Generally, a portion of the processed distillate product 376 can be provided as a recycle stream, namely a recycled distillate product 378 and combined with a hydrotreated gas oil stream 242 to form the combined stream 246 to the fluid catalytic cracking zone 250. The mass ratio of the recycled distillate product 378 to the feed 364 to the selective hydrocracking zone 370 can be about 0.05:1-about 0.95:1, desirably about 0.1:1-about 0.5:1. The selective hydrocracking zone 370 conversion per pass can be about 70%, by weight. In one exemplary embodiment, the selective hydrocracking zone 370 operates at a pressure of less than about 7,000 kPa. A remainder distillate product 380 can be further split into a distillate product stream 382 that can be provided to any suitable destination, such as a low sulfur distillate fuel, and a second portion of a distillate product 384, which can be combined with the second portion of the distillate stream 412 to form a combined product stream 386 that can be provided to any suitable destination, such as a diesel fuel, preferably with a low sulfur specification as measured by the cetane index.

In some embodiments, it may be desirable to send the cracked naphtha stream 356 from the fluid catalytic cracking zone 250 to the naphtha separation zone 700, particularly if the thermal conversion zone 200 is a slurry hydrocracking zone 600 as depicted in FIG. 4, or if a combined feed stream 246 to fluid catalytic cracking zone 250 contains a coker gas oil or slurry hydrocracking gas oil. In such a case, additional aromatic material may be created as compared to other thermal conversion zones.

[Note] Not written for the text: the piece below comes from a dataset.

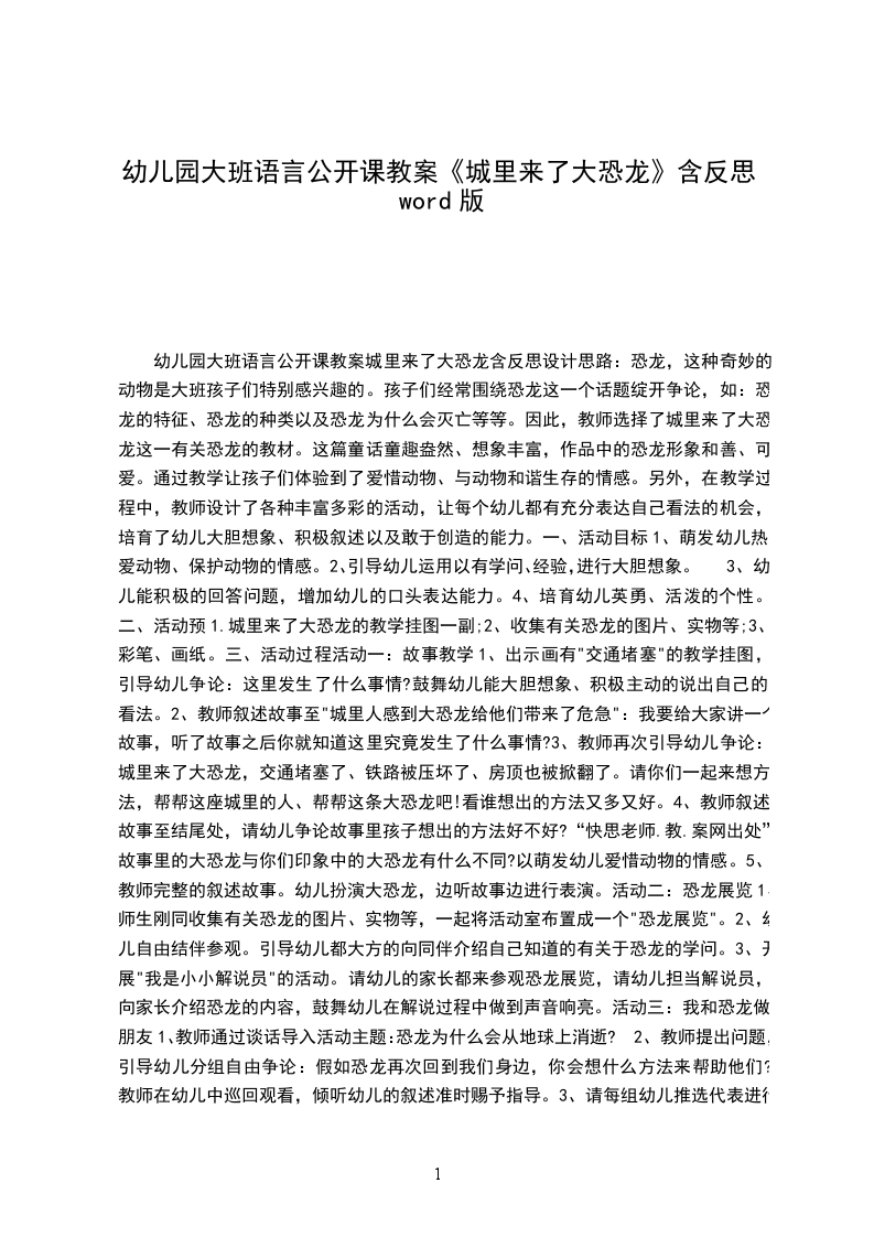七、教学反思为了上好这堂课,我预先在网上搜索了许多恐龙的图片,利用空余时间给小朋友欣赏了恐龙的图片,这下幼儿的兴致就来了,特别是有些幼儿还自己找来有关介绍恐龙的画书来看,孩子们兴奋的讲述着自己对恐龙的了解和认识,有些甚至让我都觉得自叹不如。幼儿心中的恐龙世界真是太奇妙了。上课的时候,我提问:如果恐龙来到城市里会怎么样呢?孩子们尽情发挥想象,有的说:“恐龙会把我们的房子都撞倒。”有的说:“恐龙会把汽车踩扁。”看来孩子们对这种形体上的大小概念还是非常清晰的,能够发挥自己的想象,充分夸大恐龙来到城市之后发生的事情。然后我再让幼儿欣赏故事城里来了大恐龙,幼儿对故事内容就理解得更透彻了。通过这个故事的教学,幼儿知道了恐龙最后为城市里做了很大贡献,更加增进了他们对恐龙的喜爱之情,并且也萌发了帮助别人的美好愿望。

Alternatively, the cracked naphtha stream 356 may be recovered.

The naphtha separation zone 700 can provide a first naphtha portion 710, a second naphtha portion 714, and an aromatic stream 722. Generally, the first naphtha portion 710 can be an overhead stream from a distillation column and the second naphtha portion 714 can be a bottom stream from a distillation column. These portions 710 and 714 can form a combined feed 718 to the selective hydrotreating zone 390 that can operate at any suitable condition to substantially remove the contaminants in the combined feed 718 including sulfur and/or nitrogen compounds while minimizing the saturation of alkene species.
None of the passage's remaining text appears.